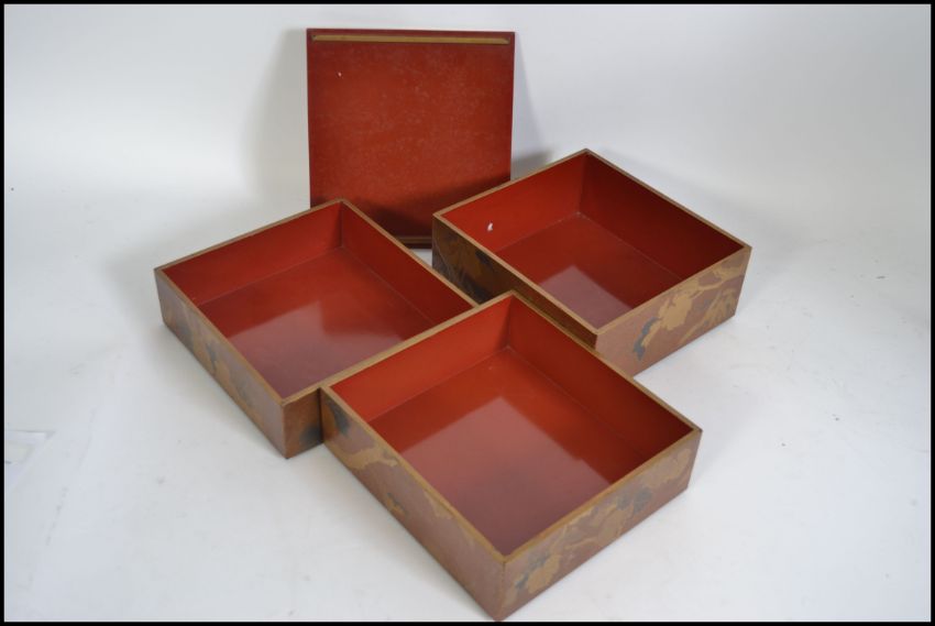 A Japanese laquered 3 tier foot box - maki-e jubako. The gilded detailing being well laquered with leaves and foliates etc H23cm
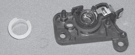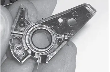 18. Очищают крышку контактной группы магнитного вала от тонера и загрязнений. Извлекают из крышки белую втулку, в которой вращается вал, и очищают ее от старой смазки и тонера (рис. 28).
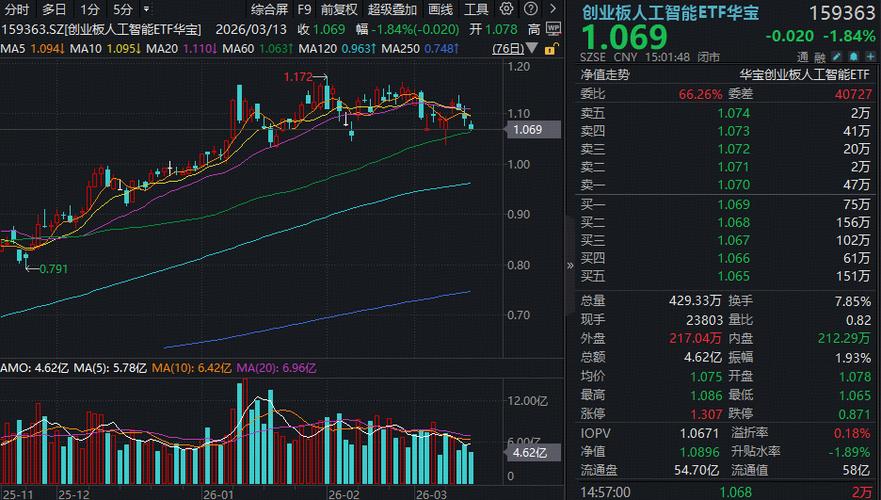 周五(3月13日),IDC算力租赁概念领跌AI赛道,创业板人工智能全天低迷,日线三连阴。其中,汉得信息跌超10%,奥飞数据、首都在线、东方国信、光环新网等多股跌超7%。但光模块CPO龙头 逆市活跃,新易盛逆市大涨4%,中际旭创涨超1%。 热门ETF方面,重仓光模块龙头的创业板人工智能ETF(159363)场内收跌1.84%日线三连阴,缩量成交4.62亿元,资金进场抢筹5200万份。 ...
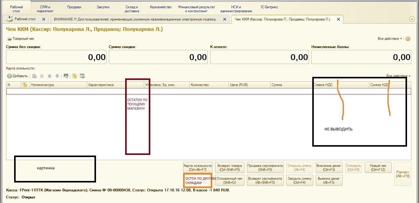 Готов сделать, есть несколько вопросов. Картинка в РМК - картинка последнего товара? По поводу кнопки остатков, по моему логичней добавить колонки с остатками по складам в форму выбора номенклатуры, хотя можно и по кнопке.
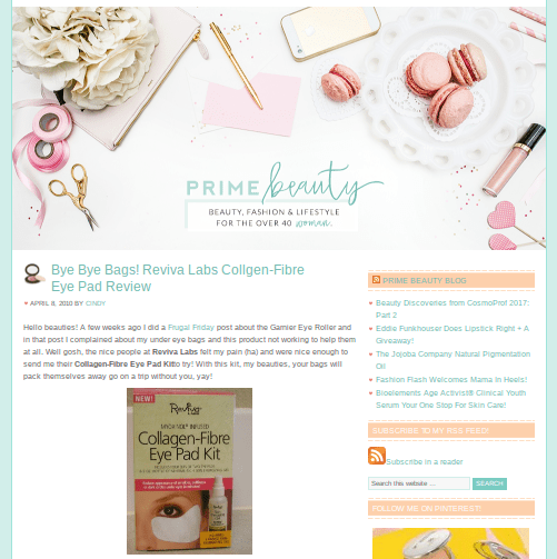 Cindy Ingalls is the editor of Prime Beauty, and she’s given Reviva’s Collagen Fiber Eye Pad Kit an “A.” She knows Reviva Labs’ reputation for product quality, and found the Collagen Fiber Eye Pads to be another impressive product from a company rooted in science and quality.
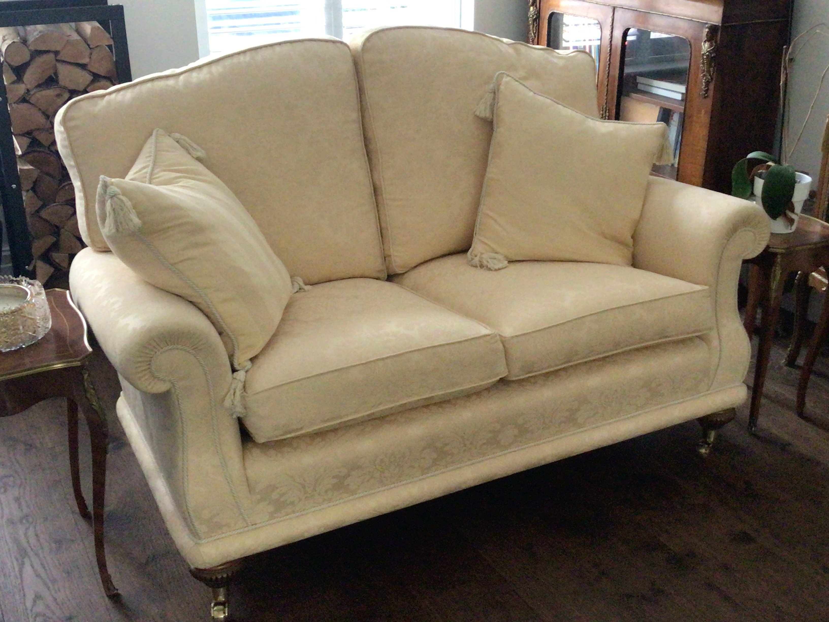 A fine quality two seater sofa upholstered in yellow floral fabric with two scatter cushions on mahogany legs terminating with brass caps and casters. (Sold in situ delivery arrangements by appointment)
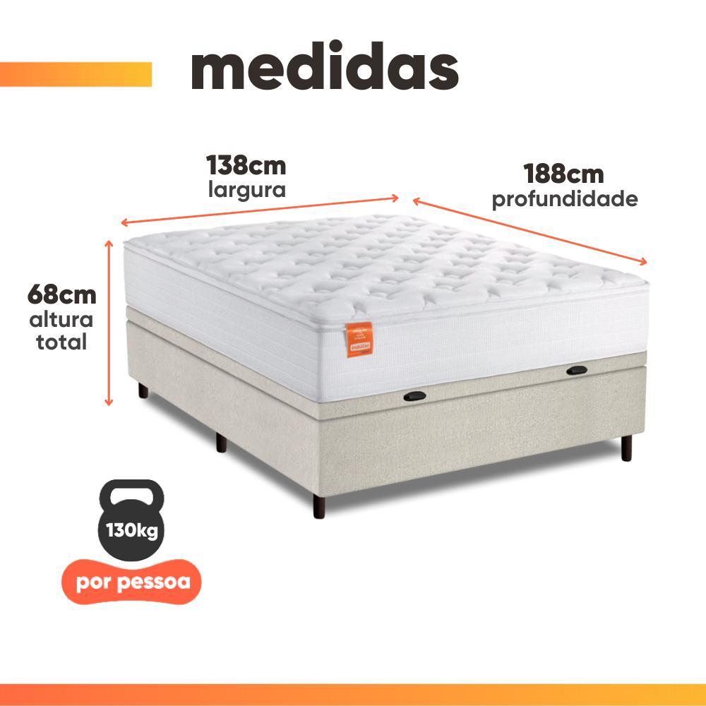 Cama Box Baú Colchão Casal Molas Ensacadas Real 138x188x68cm Linho Branco Inducol - Suporta até 130kg por Pessoa
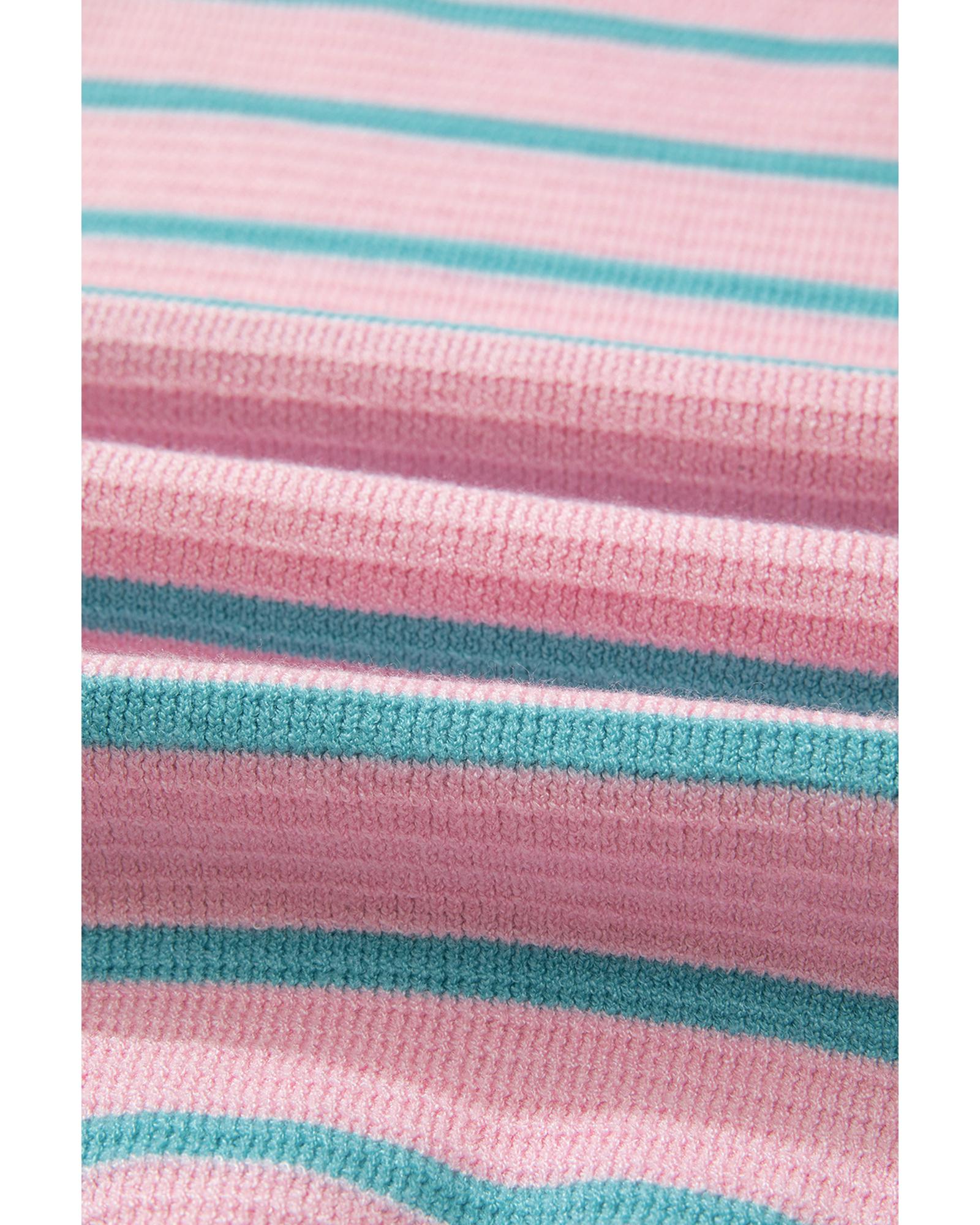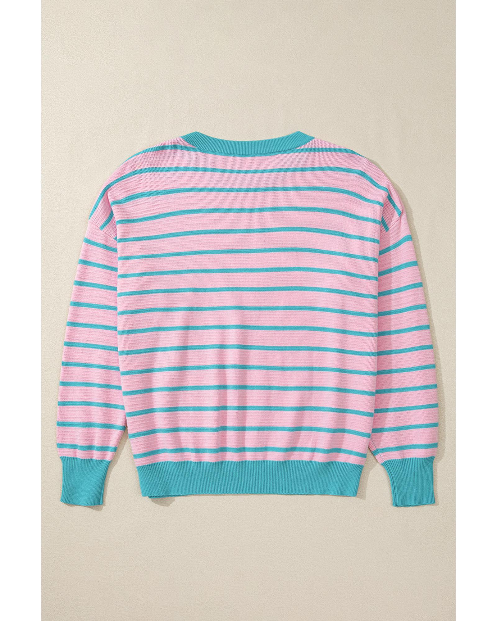 Pink Stripe Trimmed Round Neck Drop Shoulder Loose Sweater - XL
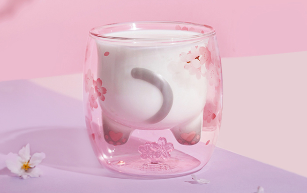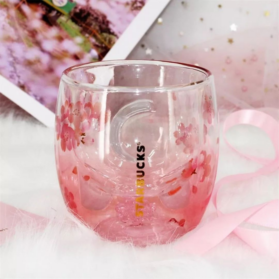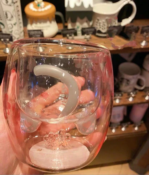 VASO DOBLE VIDRIO COLA DE GATITO Y FLORES SAKURA STARBUCKS COLECCION CHINA 2020
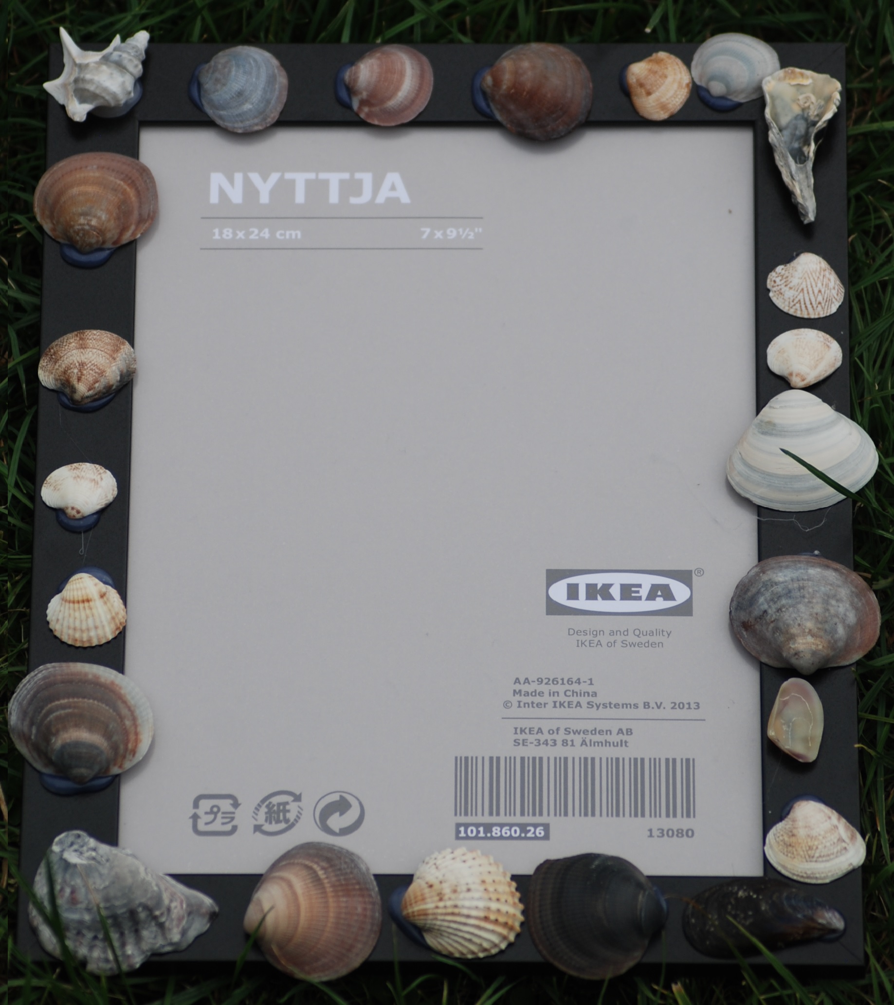 Nevíte, jak zabavit děti, pokud venku jen prší a prší. Zkuste to jako my. Stačí k tomu pár mušliček od moře, obyčejný rámeček na fotky ( my jsme použili ten z Ikey) a tavící pistole.
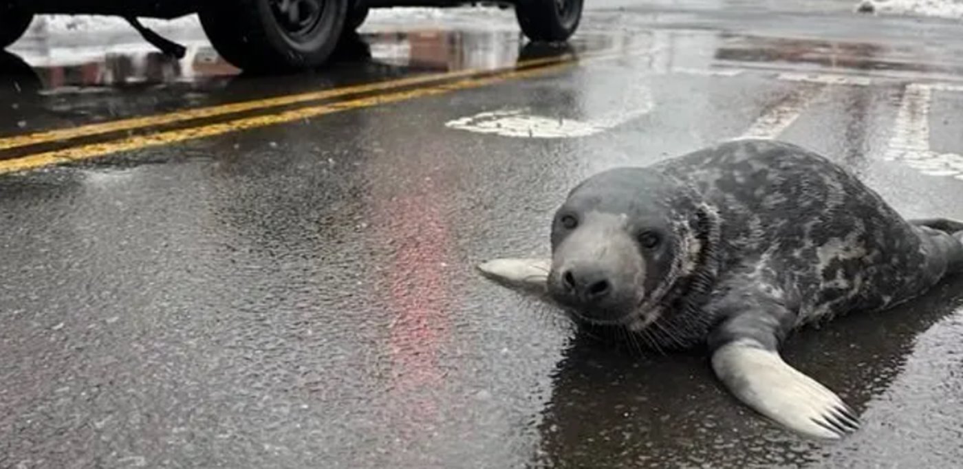 Filhote de foca é encontrado nas ruas de Connecticut, nos Estados Unidos

++++++++

WHAT IS REQUIRED:
Could you please return the entries above exactly, minus the pictures?

OUTPUT BELOW:
 A Japanese laquered 3 tier foot box - maki-e jubako. The gilded detailing being well laquered with leaves and foliates etc H23cm
 18. Очищают крышку контактной группы магнитного вала от тонера и загрязнений. Извлекают из крышки белую втулку, в которой вращается вал, и очищают ее от старой смазки и тонера (рис. 28).
 周五(3月13日),IDC算力租赁概念领跌AI赛道,创业板人工智能全天低迷,日线三连阴。其中,汉得信息跌超10%,奥飞数据、首都在线、东方国信、光环新网等多股跌超7%。但光模块CPO龙头 逆市活跃,新易盛逆市大涨4%,中际旭创涨超1%。 热门ETF方面,重仓光模块龙头的创业板人工智能ETF(159363)场内收跌1.84%日线三连阴,缩量成交4.62亿元,资金进场抢筹5200万份。 ...
 Готов сделать, есть несколько вопросов. Картинка в РМК - картинка последнего товара? По поводу кнопки остатков, по моему логичней добавить колонки с остатками по складам в форму выбора номенклатуры, хотя можно и по кнопке.
 Cindy Ingalls is the editor of Prime Beauty, and she’s given Reviva’s Collagen Fiber Eye Pad Kit an “A.” She knows Reviva Labs’ reputation for product quality, and found the Collagen Fiber Eye Pads to be another impressive product from a company rooted in science and quality.
 A fine quality two seater sofa upholstered in yellow floral fabric with two scatter cushions on mahogany legs terminating with brass caps and casters. (Sold in situ delivery arrangements by appointment)
 Cama Box Baú Colchão Casal Molas Ensacadas Real 138x188x68cm Linho Branco Inducol - Suporta até 130kg por Pessoa
 Pink Stripe Trimmed Round Neck Drop Shoulder Loose Sweater - XL
 VASO DOBLE VIDRIO COLA DE GATITO Y FLORES SAKURA STARBUCKS COLECCION CHINA 2020
 Nevíte, jak zabavit děti, pokud venku jen prší a prší. Zkuste to jako my. Stačí k tomu pár mušliček od moře, obyčejný rámeček na fotky ( my jsme použili ten z Ikey) a tavící pistole.
 Filhote de foca é encontrado nas ruas de Connecticut, nos Estados Unidos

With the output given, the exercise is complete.